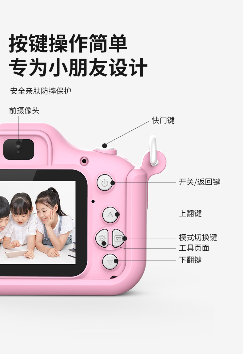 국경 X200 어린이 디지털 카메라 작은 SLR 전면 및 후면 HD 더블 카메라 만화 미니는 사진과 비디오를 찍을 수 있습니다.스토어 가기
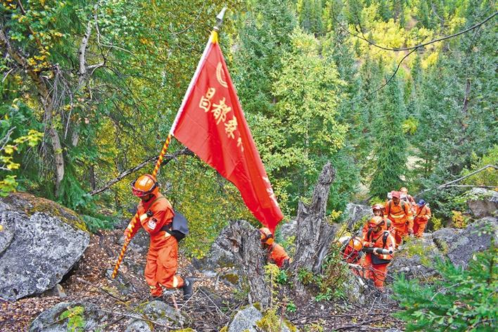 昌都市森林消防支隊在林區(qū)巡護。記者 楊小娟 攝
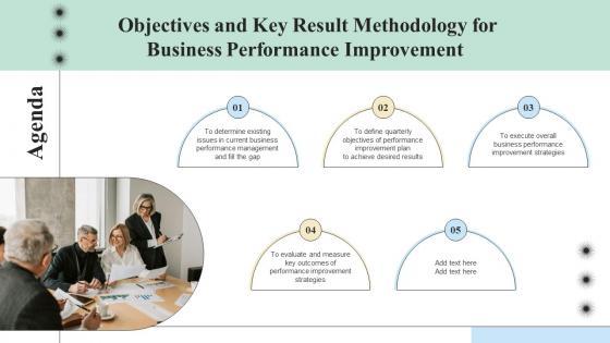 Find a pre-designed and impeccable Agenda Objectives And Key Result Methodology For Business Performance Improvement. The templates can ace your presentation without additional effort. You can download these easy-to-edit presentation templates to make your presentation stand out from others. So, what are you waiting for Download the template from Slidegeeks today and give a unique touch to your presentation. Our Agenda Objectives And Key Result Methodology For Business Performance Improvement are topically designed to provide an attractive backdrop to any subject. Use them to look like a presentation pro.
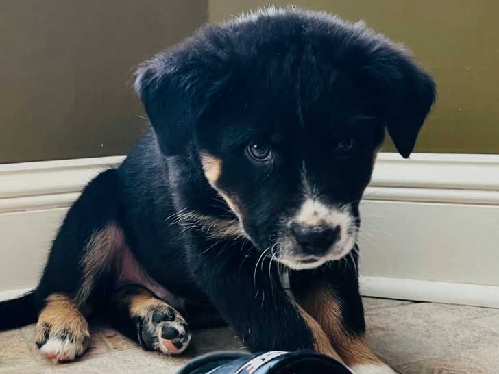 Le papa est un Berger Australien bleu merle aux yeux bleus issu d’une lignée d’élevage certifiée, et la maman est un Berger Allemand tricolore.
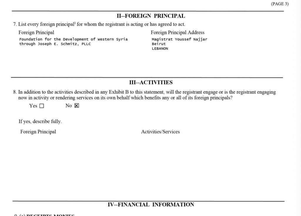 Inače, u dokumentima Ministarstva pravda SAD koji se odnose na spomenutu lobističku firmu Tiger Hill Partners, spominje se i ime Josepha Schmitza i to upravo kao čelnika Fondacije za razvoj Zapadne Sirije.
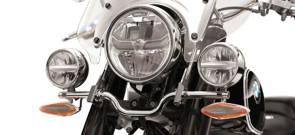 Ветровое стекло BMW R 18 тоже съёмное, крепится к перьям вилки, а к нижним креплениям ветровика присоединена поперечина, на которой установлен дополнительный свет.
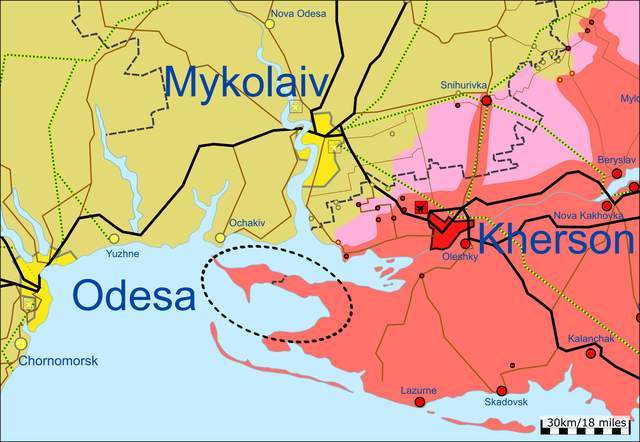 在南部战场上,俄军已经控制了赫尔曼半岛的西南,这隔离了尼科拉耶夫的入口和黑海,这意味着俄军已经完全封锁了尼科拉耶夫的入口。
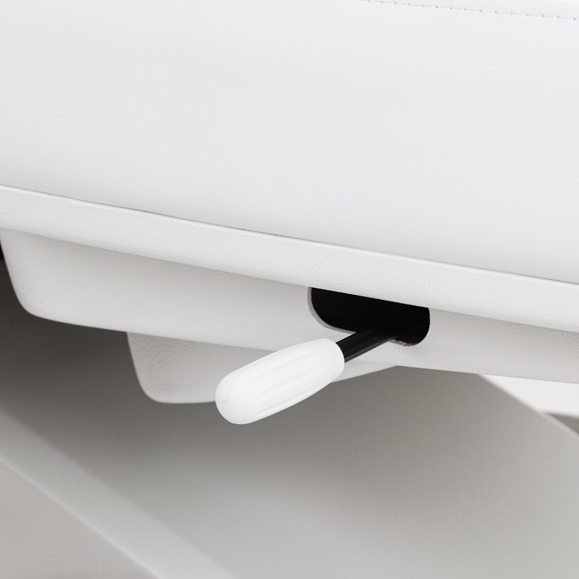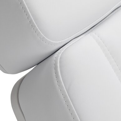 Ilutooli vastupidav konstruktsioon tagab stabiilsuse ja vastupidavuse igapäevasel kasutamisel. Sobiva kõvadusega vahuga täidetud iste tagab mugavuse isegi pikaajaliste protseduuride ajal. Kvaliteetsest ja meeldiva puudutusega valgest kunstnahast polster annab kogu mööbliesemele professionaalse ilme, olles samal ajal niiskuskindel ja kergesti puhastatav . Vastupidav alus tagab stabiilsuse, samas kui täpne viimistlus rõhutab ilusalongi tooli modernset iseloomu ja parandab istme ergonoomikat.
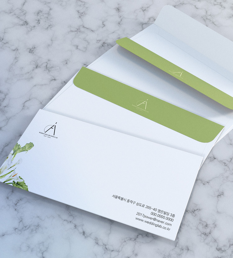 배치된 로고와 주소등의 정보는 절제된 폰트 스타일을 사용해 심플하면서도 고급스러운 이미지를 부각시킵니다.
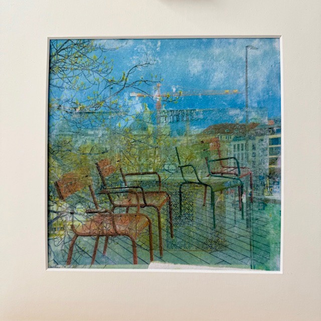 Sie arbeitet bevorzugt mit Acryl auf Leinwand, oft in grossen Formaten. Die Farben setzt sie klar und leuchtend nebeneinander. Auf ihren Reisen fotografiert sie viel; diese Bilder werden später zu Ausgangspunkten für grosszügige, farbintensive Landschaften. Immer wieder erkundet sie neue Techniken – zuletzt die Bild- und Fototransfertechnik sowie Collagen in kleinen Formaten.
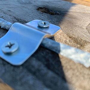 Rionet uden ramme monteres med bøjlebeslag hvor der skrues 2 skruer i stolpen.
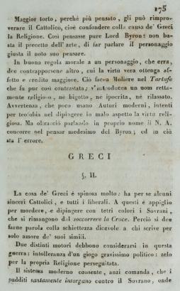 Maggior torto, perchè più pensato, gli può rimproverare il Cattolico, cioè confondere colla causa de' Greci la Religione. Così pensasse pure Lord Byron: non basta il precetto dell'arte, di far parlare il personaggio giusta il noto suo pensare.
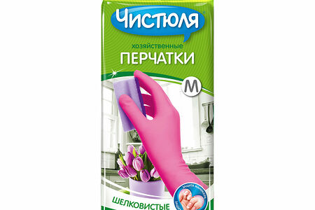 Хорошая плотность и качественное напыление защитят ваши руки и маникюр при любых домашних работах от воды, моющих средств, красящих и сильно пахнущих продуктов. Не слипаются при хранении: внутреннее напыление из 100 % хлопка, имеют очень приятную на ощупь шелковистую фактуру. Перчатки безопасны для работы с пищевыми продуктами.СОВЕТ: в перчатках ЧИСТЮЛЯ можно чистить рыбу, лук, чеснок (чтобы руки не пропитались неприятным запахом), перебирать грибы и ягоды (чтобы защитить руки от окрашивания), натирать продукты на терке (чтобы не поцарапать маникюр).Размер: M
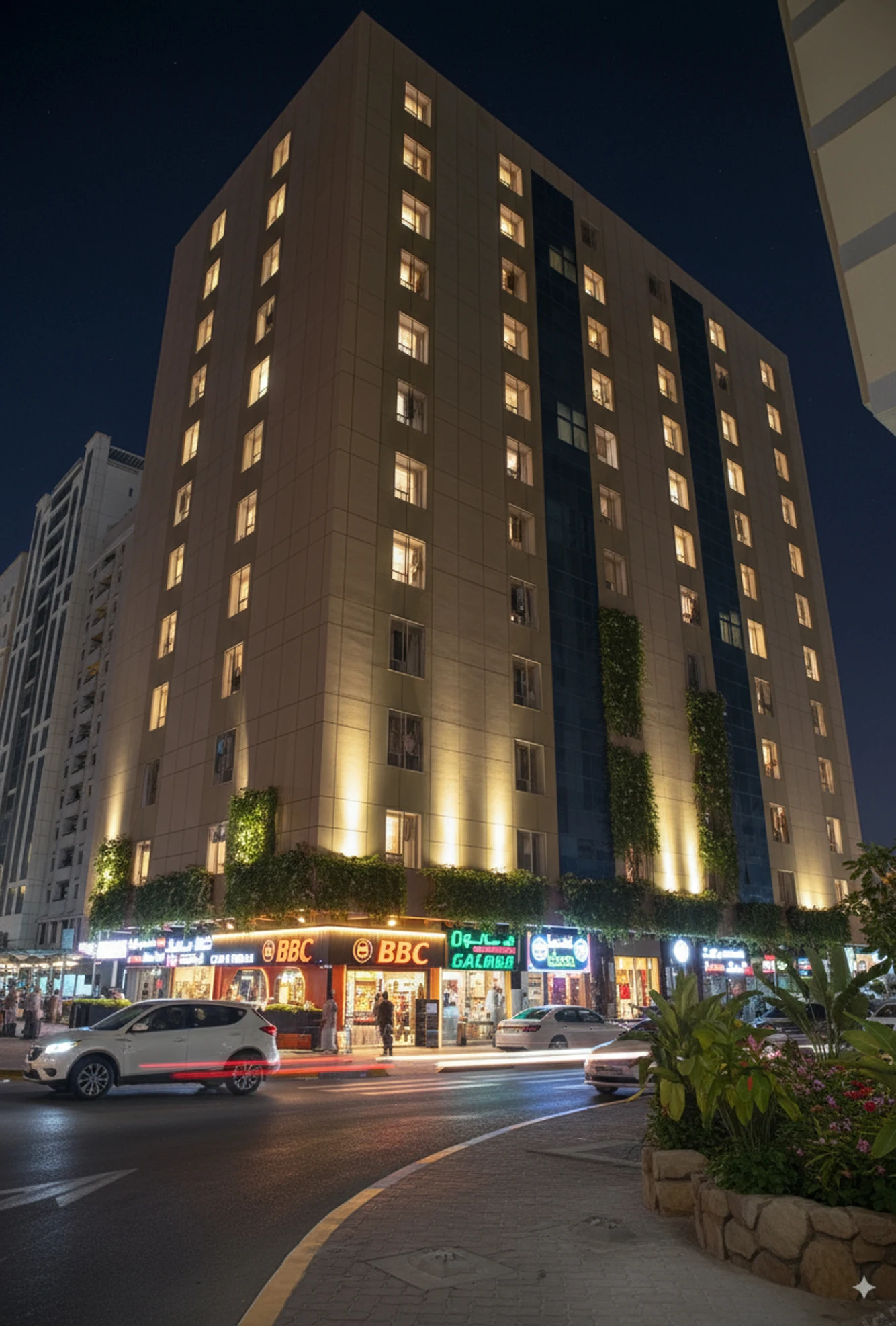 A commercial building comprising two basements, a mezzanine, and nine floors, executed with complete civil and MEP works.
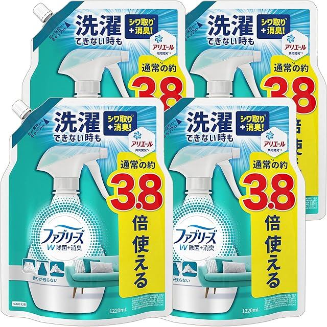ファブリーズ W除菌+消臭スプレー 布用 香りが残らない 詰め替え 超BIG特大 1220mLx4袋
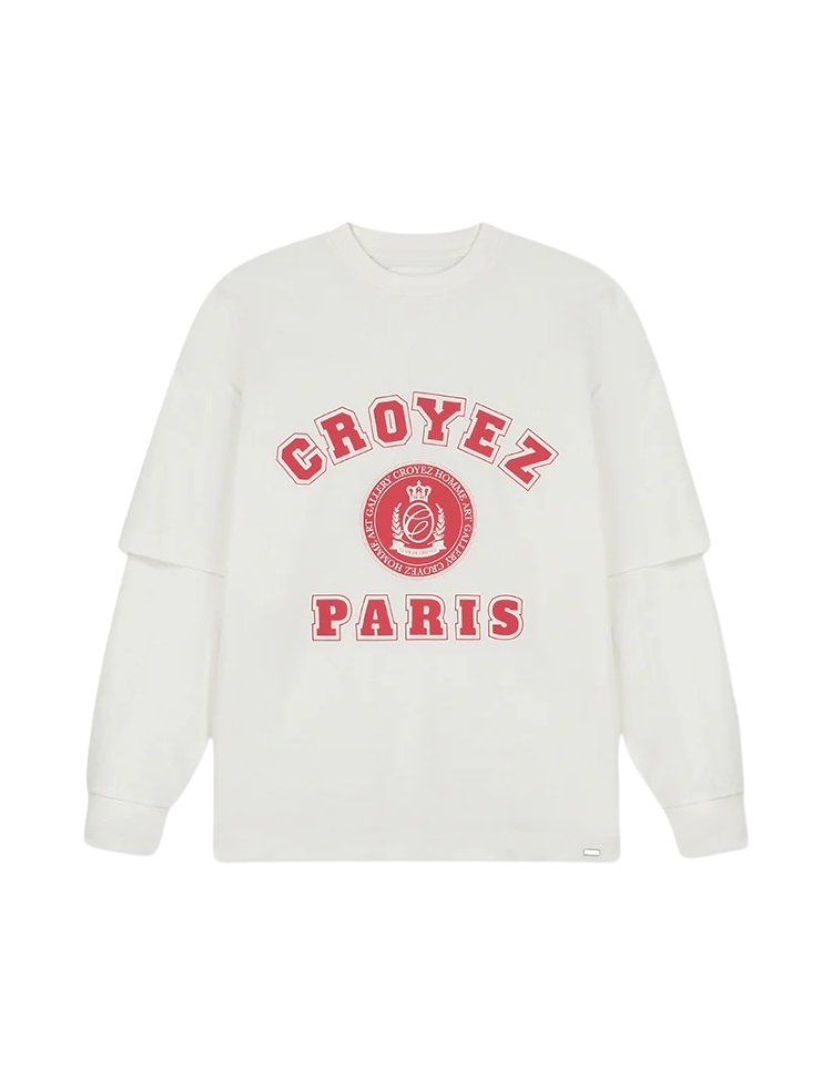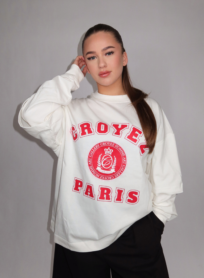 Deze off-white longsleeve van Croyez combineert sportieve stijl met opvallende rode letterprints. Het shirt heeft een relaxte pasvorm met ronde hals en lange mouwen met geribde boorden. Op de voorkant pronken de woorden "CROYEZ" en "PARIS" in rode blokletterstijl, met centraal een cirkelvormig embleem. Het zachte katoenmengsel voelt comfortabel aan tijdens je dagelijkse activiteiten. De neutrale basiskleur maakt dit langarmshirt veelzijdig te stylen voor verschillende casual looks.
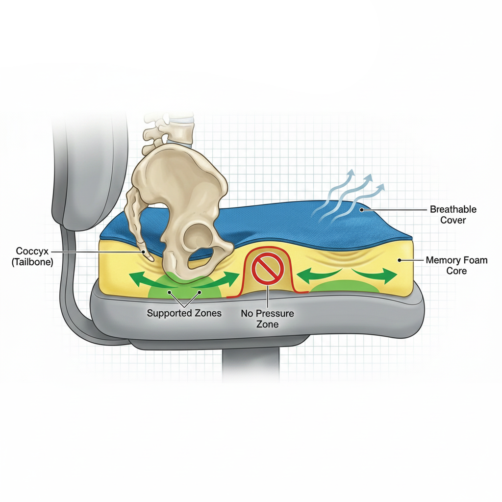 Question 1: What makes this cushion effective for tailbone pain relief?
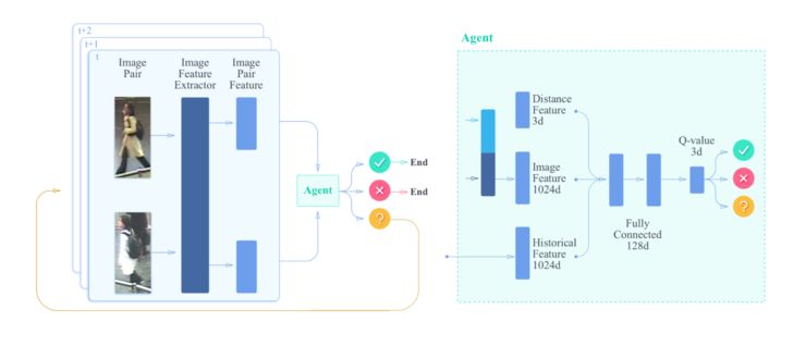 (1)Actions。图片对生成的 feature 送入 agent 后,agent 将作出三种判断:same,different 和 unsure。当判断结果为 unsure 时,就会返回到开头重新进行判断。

ASSIGNED TASK:
Set the pictures aside and reproduce the data above exactly.

TASK OUTPUT:
 국경 X200 어린이 디지털 카메라 작은 SLR 전면 및 후면 HD 더블 카메라 만화 미니는 사진과 비디오를 찍을 수 있습니다.스토어 가기
 昌都市森林消防支隊在林區(qū)巡護。記者 楊小娟 攝
 Find a pre-designed and impeccable Agenda Objectives And Key Result Methodology For Business Performance Improvement. The templates can ace your presentation without additional effort. You can download these easy-to-edit presentation templates to make your presentation stand out from others. So, what are you waiting for Download the template from Slidegeeks today and give a unique touch to your presentation. Our Agenda Objectives And Key Result Methodology For Business Performance Improvement are topically designed to provide an attractive backdrop to any subject. Use them to look like a presentation pro.
 Le papa est un Berger Australien bleu merle aux yeux bleus issu d’une lignée d’élevage certifiée, et la maman est un Berger Allemand tricolore.
 Inače, u dokumentima Ministarstva pravda SAD koji se odnose na spomenutu lobističku firmu Tiger Hill Partners, spominje se i ime Josepha Schmitza i to upravo kao čelnika Fondacije za razvoj Zapadne Sirije.
 Ветровое стекло BMW R 18 тоже съёмное, крепится к перьям вилки, а к нижним креплениям ветровика присоединена поперечина, на которой установлен дополнительный свет.
 在南部战场上,俄军已经控制了赫尔曼半岛的西南,这隔离了尼科拉耶夫的入口和黑海,这意味着俄军已经完全封锁了尼科拉耶夫的入口。
 Ilutooli vastupidav konstruktsioon tagab stabiilsuse ja vastupidavuse igapäevasel kasutamisel. Sobiva kõvadusega vahuga täidetud iste tagab mugavuse isegi pikaajaliste protseduuride ajal. Kvaliteetsest ja meeldiva puudutusega valgest kunstnahast polster annab kogu mööbliesemele professionaalse ilme, olles samal ajal niiskuskindel ja kergesti puhastatav . Vastupidav alus tagab stabiilsuse, samas kui täpne viimistlus rõhutab ilusalongi tooli modernset iseloomu ja parandab istme ergonoomikat.
 배치된 로고와 주소등의 정보는 절제된 폰트 스타일을 사용해 심플하면서도 고급스러운 이미지를 부각시킵니다.
 Sie arbeitet bevorzugt mit Acryl auf Leinwand, oft in grossen Formaten. Die Farben setzt sie klar und leuchtend nebeneinander. Auf ihren Reisen fotografiert sie viel; diese Bilder werden später zu Ausgangspunkten für grosszügige, farbintensive Landschaften. Immer wieder erkundet sie neue Techniken – zuletzt die Bild- und Fototransfertechnik sowie Collagen in kleinen Formaten.
 Rionet uden ramme monteres med bøjlebeslag hvor der skrues 2 skruer i stolpen.
 Maggior torto, perchè più pensato, gli può rimproverare il Cattolico, cioè confondere colla causa de' Greci la Religione. Così pensasse pure Lord Byron: non basta il precetto dell'arte, di far parlare il personaggio giusta il noto suo pensare.
 Хорошая плотность и качественное напыление защитят ваши руки и маникюр при любых домашних работах от воды, моющих средств, красящих и сильно пахнущих продуктов. Не слипаются при хранении: внутреннее напыление из 100 % хлопка, имеют очень приятную на ощупь шелковистую фактуру. Перчатки безопасны для работы с пищевыми продуктами.СОВЕТ: в перчатках ЧИСТЮЛЯ можно чистить рыбу, лук, чеснок (чтобы руки не пропитались неприятным запахом), перебирать грибы и ягоды (чтобы защитить руки от окрашивания), натирать продукты на терке (чтобы не поцарапать маникюр).Размер: M
 A commercial building comprising two basements, a mezzanine, and nine floors, executed with complete civil and MEP works.
ファブリーズ W除菌+消臭スプレー 布用 香りが残らない 詰め替え 超BIG特大 1220mLx4袋
 Deze off-white longsleeve van Croyez combineert sportieve stijl met opvallende rode letterprints. Het shirt heeft een relaxte pasvorm met ronde hals en lange mouwen met geribde boorden. Op de voorkant pronken de woorden "CROYEZ" en "PARIS" in rode blokletterstijl, met centraal een cirkelvormig embleem. Het zachte katoenmengsel voelt comfortabel aan tijdens je dagelijkse activiteiten. De neutrale basiskleur maakt dit langarmshirt veelzijdig te stylen voor verschillende casual looks.
 Question 1: What makes this cushion effective for tailbone pain relief?
 (1)Actions。图片对生成的 feature 送入 agent 后,agent 将作出三种判断:same,different 和 unsure。当判断结果为 unsure 时,就会返回到开头重新进行判断。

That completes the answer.